### TO DO
All lines from the one containing "本次浇筑的道岔连续梁体约13" through the end of the data below are to be repeated exactly, with pictures left out.

### STORED DATA
= Beginning of Section =
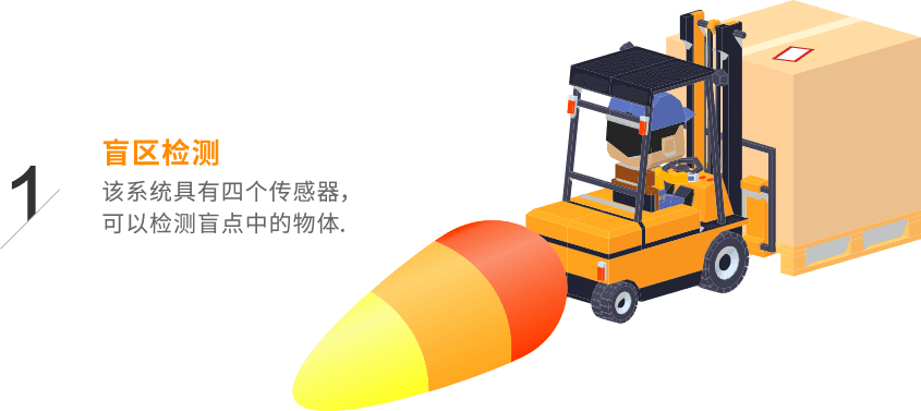 安(an)裝條形燈和箭頭燈在叉車三面形成(cheng)保(bao)護區域,司(si)機(ji)行人(ren)通(tong)過光線判斷安(an)全(quan)距離(li)防撞碰撞!
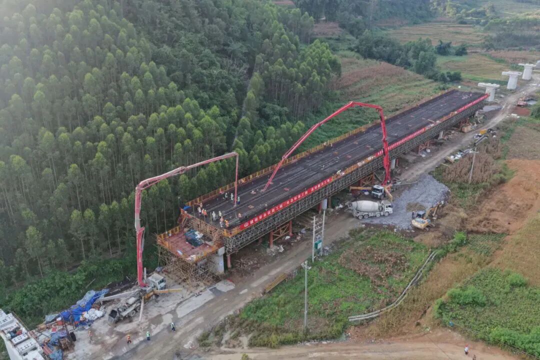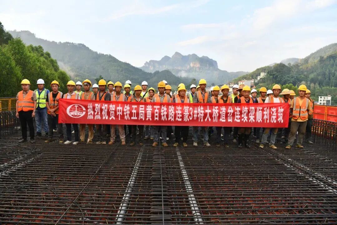 本次浇筑的道岔连续梁体约130米,横跨5个墩台,采用支架现浇法一次性完成1785立方混凝土的浇筑,是迄今为止黄百铁路广西段一次性浇筑长度最长、混凝土方量最大的连续梁。
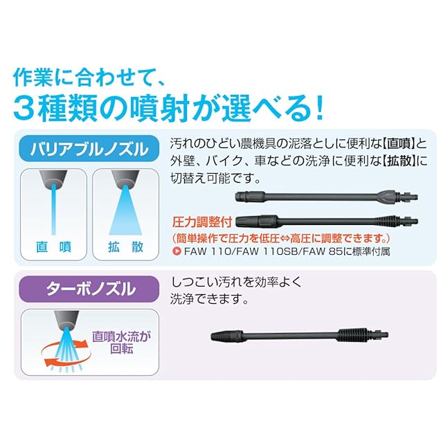 最大吐出圧力:[バリアブルノズル取付時]7.5MPa・[ターボノズル取付時]5.0MPa
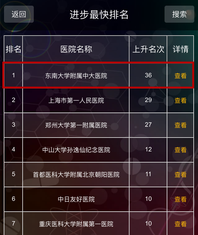 此次排行榜榜单的产生,由复旦大学医院管理研究所邀请全国37个临床专科的3969名国内著名同行专家担任评审。据复旦大学医院管理研究所所长高解春介绍,所邀专家综合考虑各大医院团队建设、临床技术与医疗质量、科研水平等三方面“业绩”后,评选出本专业领域内排名第一到第十的中国最佳医院;各专业专家的投票将进行加权统计,分别形成中国医院最佳专科排行榜;上述结果再结合医院SCI和科研奖项,最终评出《2015年度中国最佳医院排行榜》。中大医院此次排名跃升36位,在进步最快排名中位居第一位;在专科汇总排行中,中大医院位居第50位;科研学术排行,中大医院位居58位。
= End of Section =
### YOUR SOLUTION
 本次浇筑的道岔连续梁体约130米,横跨5个墩台,采用支架现浇法一次性完成1785立方混凝土的浇筑,是迄今为止黄百铁路广西段一次性浇筑长度最长、混凝土方量最大的连续梁。
 最大吐出圧力:[バリアブルノズル取付時]7.5MPa・[ターボノズル取付時]5.0MPa
 此次排行榜榜单的产生,由复旦大学医院管理研究所邀请全国37个临床专科的3969名国内著名同行专家担任评审。据复旦大学医院管理研究所所长高解春介绍,所邀专家综合考虑各大医院团队建设、临床技术与医疗质量、科研水平等三方面“业绩”后,评选出本专业领域内排名第一到第十的中国最佳医院;各专业专家的投票将进行加权统计,分别形成中国医院最佳专科排行榜;上述结果再结合医院SCI和科研奖项,最终评出《2015年度中国最佳医院排行榜》。中大医院此次排名跃升36位,在进步最快排名中位居第一位;在专科汇总排行中,中大医院位居第50位;科研学术排行,中大医院位居58位。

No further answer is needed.